■ Task goal: Retype each line of the data below exactly, beginning with the first and ending with the one that contains "to thigh. |". Pictures do not belong in the copy.

■ Dataset content:
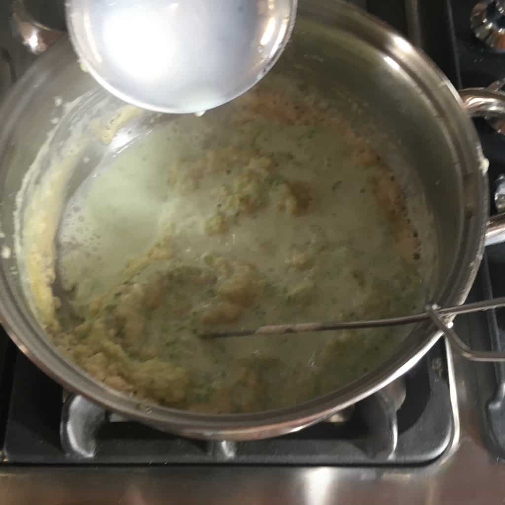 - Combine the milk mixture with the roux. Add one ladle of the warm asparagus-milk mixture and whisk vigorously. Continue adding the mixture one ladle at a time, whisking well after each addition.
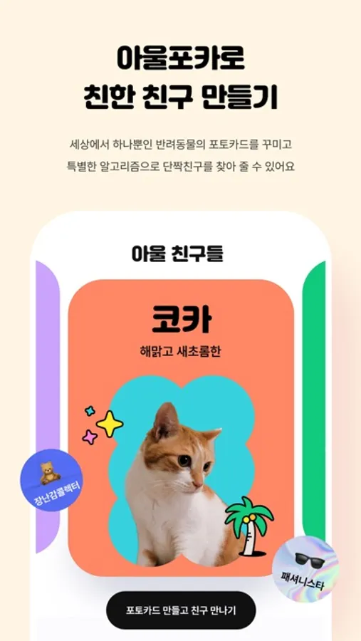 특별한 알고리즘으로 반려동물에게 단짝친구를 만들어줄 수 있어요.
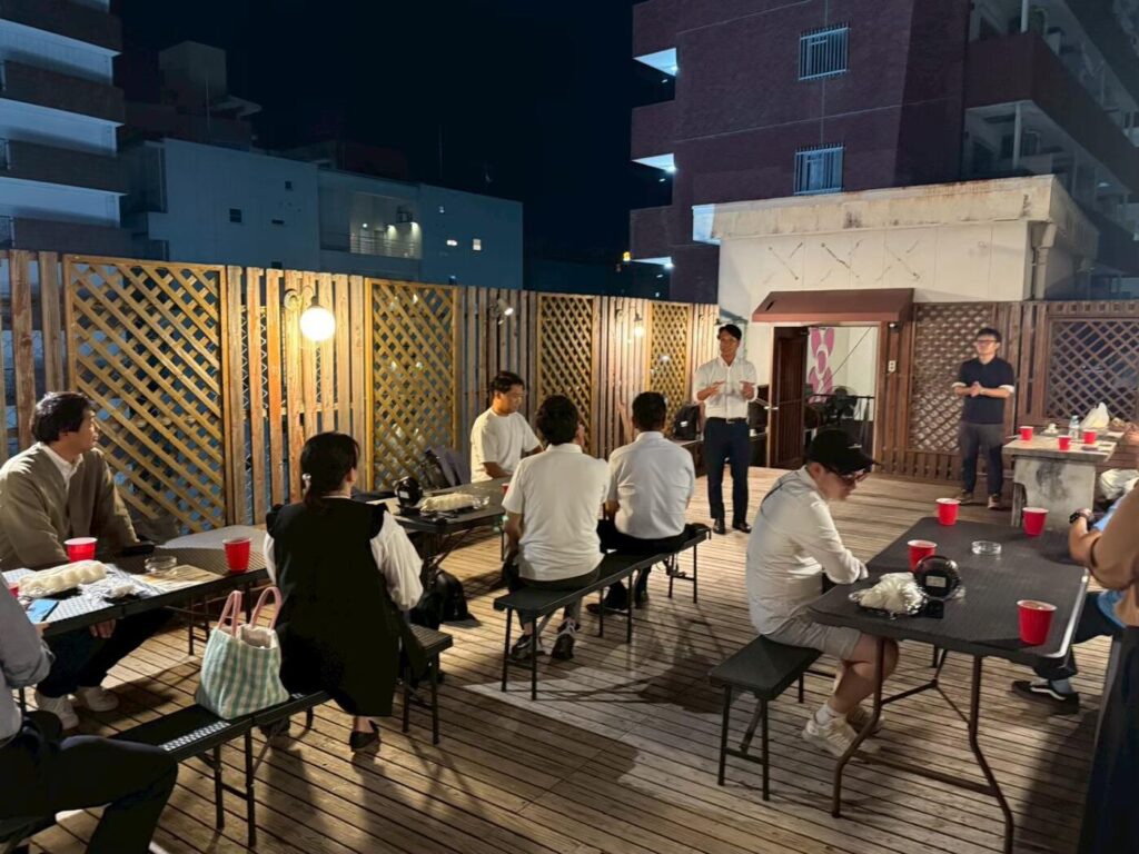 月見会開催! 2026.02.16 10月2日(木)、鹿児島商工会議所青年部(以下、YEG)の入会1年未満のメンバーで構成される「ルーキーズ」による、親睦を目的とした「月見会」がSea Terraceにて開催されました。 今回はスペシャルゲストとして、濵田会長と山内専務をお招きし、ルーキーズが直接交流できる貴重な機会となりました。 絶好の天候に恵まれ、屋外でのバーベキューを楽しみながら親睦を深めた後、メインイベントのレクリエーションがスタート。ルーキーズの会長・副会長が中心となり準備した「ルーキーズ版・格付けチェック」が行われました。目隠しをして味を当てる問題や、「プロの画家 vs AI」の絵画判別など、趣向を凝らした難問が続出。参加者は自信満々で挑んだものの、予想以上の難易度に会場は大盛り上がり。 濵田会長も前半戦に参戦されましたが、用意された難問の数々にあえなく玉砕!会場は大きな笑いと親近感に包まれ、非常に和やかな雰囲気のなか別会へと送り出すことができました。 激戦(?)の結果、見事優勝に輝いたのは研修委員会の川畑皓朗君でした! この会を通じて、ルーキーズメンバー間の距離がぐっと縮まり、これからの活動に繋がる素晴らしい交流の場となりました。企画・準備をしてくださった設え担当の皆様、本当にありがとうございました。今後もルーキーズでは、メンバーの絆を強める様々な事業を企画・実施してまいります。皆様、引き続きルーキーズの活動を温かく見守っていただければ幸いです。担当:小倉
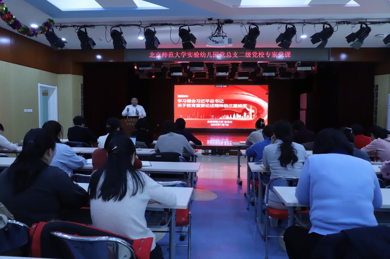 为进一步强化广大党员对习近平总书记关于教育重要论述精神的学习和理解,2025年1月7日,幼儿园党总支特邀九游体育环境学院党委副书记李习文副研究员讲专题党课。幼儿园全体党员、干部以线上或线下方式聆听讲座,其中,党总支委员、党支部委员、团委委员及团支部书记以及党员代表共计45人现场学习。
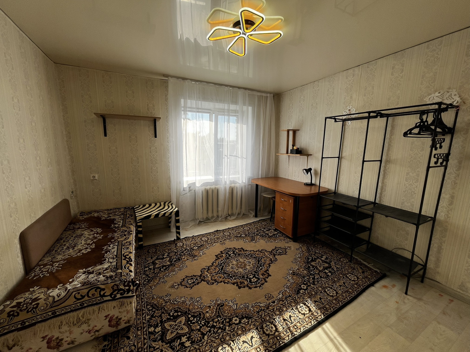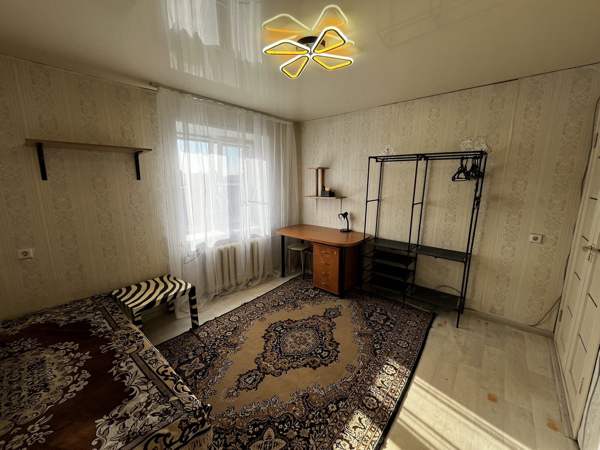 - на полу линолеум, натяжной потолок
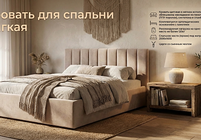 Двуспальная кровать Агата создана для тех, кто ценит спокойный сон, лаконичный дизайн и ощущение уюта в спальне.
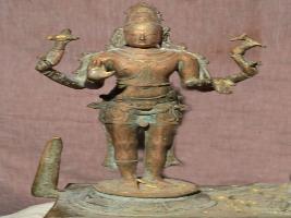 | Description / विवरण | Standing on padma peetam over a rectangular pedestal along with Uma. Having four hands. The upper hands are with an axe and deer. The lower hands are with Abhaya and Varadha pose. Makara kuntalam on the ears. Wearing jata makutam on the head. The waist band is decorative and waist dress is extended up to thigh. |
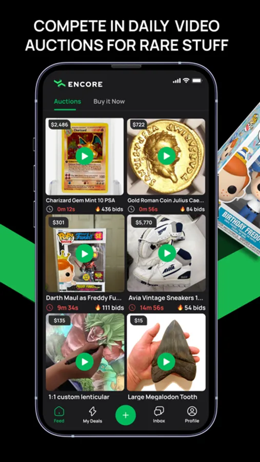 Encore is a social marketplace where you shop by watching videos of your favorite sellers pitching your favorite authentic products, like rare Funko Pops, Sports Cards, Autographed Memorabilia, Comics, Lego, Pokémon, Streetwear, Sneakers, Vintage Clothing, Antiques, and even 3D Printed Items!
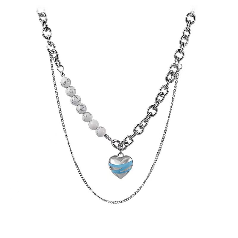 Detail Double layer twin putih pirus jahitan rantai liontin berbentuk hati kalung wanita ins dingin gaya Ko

■ Answer box:
 - Combine the milk mixture with the roux. Add one ladle of the warm asparagus-milk mixture and whisk vigorously. Continue adding the mixture one ladle at a time, whisking well after each addition.
 특별한 알고리즘으로 반려동물에게 단짝친구를 만들어줄 수 있어요.
 月見会開催! 2026.02.16 10月2日(木)、鹿児島商工会議所青年部(以下、YEG)の入会1年未満のメンバーで構成される「ルーキーズ」による、親睦を目的とした「月見会」がSea Terraceにて開催されました。 今回はスペシャルゲストとして、濵田会長と山内専務をお招きし、ルーキーズが直接交流できる貴重な機会となりました。 絶好の天候に恵まれ、屋外でのバーベキューを楽しみながら親睦を深めた後、メインイベントのレクリエーションがスタート。ルーキーズの会長・副会長が中心となり準備した「ルーキーズ版・格付けチェック」が行われました。目隠しをして味を当てる問題や、「プロの画家 vs AI」の絵画判別など、趣向を凝らした難問が続出。参加者は自信満々で挑んだものの、予想以上の難易度に会場は大盛り上がり。 濵田会長も前半戦に参戦されましたが、用意された難問の数々にあえなく玉砕!会場は大きな笑いと親近感に包まれ、非常に和やかな雰囲気のなか別会へと送り出すことができました。 激戦(?)の結果、見事優勝に輝いたのは研修委員会の川畑皓朗君でした! この会を通じて、ルーキーズメンバー間の距離がぐっと縮まり、これからの活動に繋がる素晴らしい交流の場となりました。企画・準備をしてくださった設え担当の皆様、本当にありがとうございました。今後もルーキーズでは、メンバーの絆を強める様々な事業を企画・実施してまいります。皆様、引き続きルーキーズの活動を温かく見守っていただければ幸いです。担当:小倉
 为进一步强化广大党员对习近平总书记关于教育重要论述精神的学习和理解,2025年1月7日,幼儿园党总支特邀九游体育环境学院党委副书记李习文副研究员讲专题党课。幼儿园全体党员、干部以线上或线下方式聆听讲座,其中,党总支委员、党支部委员、团委委员及团支部书记以及党员代表共计45人现场学习。
 - на полу линолеум, натяжной потолок
 Двуспальная кровать Агата создана для тех, кто ценит спокойный сон, лаконичный дизайн и ощущение уюта в спальне.
 | Description / विवरण | Standing on padma peetam over a rectangular pedestal along with Uma. Having four hands. The upper hands are with an axe and deer. The lower hands are with Abhaya and Varadha pose. Makara kuntalam on the ears. Wearing jata makutam on the head. The waist band is decorative and waist dress is extended up to thigh. |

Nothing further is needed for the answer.